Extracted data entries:
▼▼▼
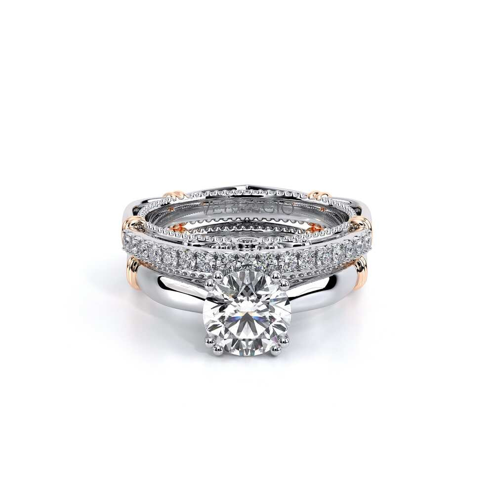 PARISIAN-120W is our classic straight wedding band that is decorated with Parisian Lace, Verragio signature beading and our Timeless wraps that will perfectly compliment any Parisian collection engagement ring. **Note: +$400 for Lace, Beading or Both in a different color
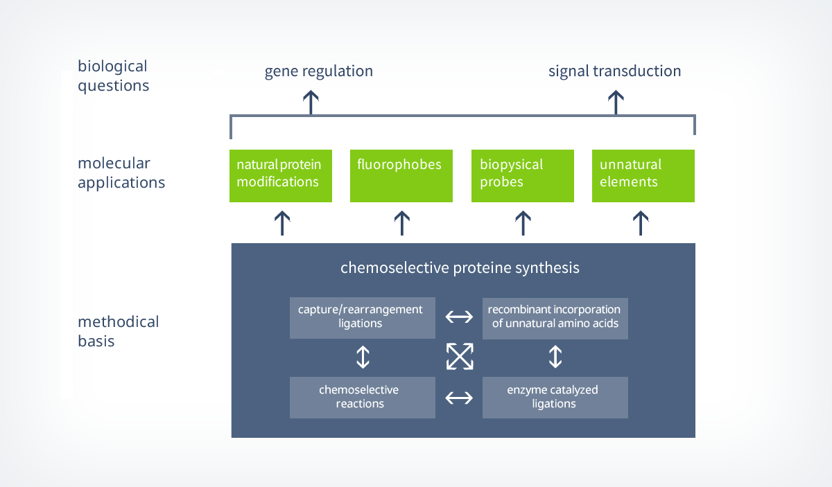 The priority program 1623 focuses on projects that use chemical methods for the generation of functional proteins. We develop new techniques that combine chemoselectiv reactions and modern molecular biology, by this means trying to tackle important biological questions. Within this cutting-edge research the major goals of the priority program are:
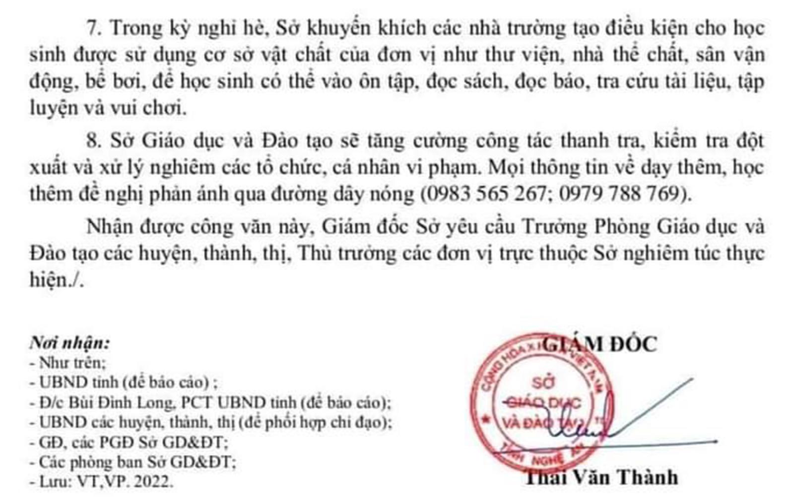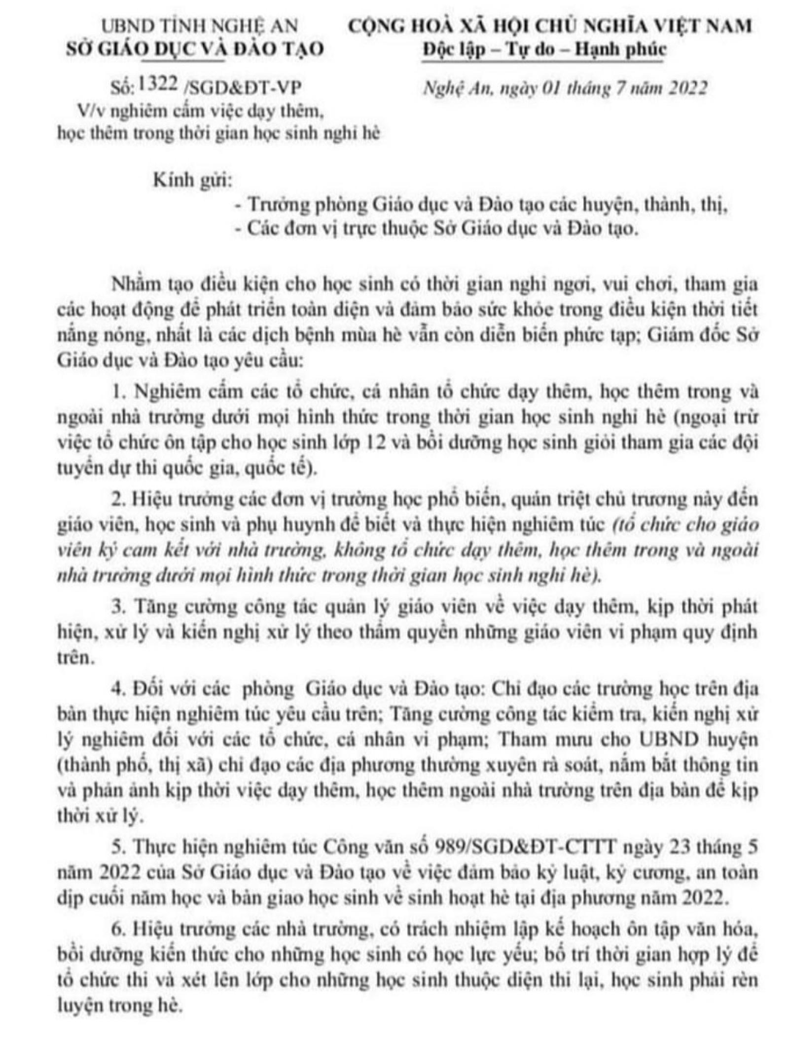 Công văn 1322 của Sở GD&ĐT Nghệ An về nghiêm cấm dạy thêm, học thêm dịp hè. Ảnh: Xuân Thống
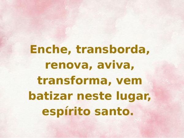- Enche, transborda, renova, aviva, transforma, vem batizar neste lugar, espírito santo.
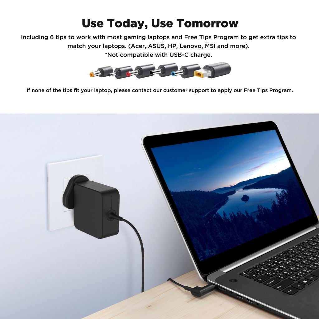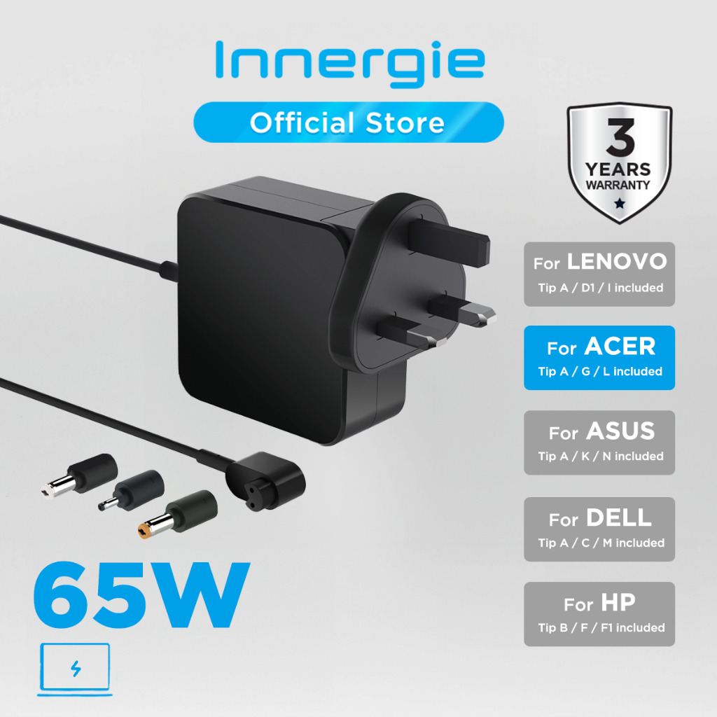 Innergie T6 65W Universal Laptop Charger Power Adapter - Compatible with Acer/ASUS/Lenovo/HP/Dell Windows PC Notebook
▲▲▲
◆ PROBLEM DESCRIPTION:
The records above are to be transcribed in full, with images omitted.

◆ WRITTEN ANSWER:
 PARISIAN-120W is our classic straight wedding band that is decorated with Parisian Lace, Verragio signature beading and our Timeless wraps that will perfectly compliment any Parisian collection engagement ring. **Note: +$400 for Lace, Beading or Both in a different color
 The priority program 1623 focuses on projects that use chemical methods for the generation of functional proteins. We develop new techniques that combine chemoselectiv reactions and modern molecular biology, by this means trying to tackle important biological questions. Within this cutting-edge research the major goals of the priority program are:
 Công văn 1322 của Sở GD&ĐT Nghệ An về nghiêm cấm dạy thêm, học thêm dịp hè. Ảnh: Xuân Thống
- Enche, transborda, renova, aviva, transforma, vem batizar neste lugar, espírito santo.
 Innergie T6 65W Universal Laptop Charger Power Adapter - Compatible with Acer/ASUS/Lenovo/HP/Dell Windows PC Notebook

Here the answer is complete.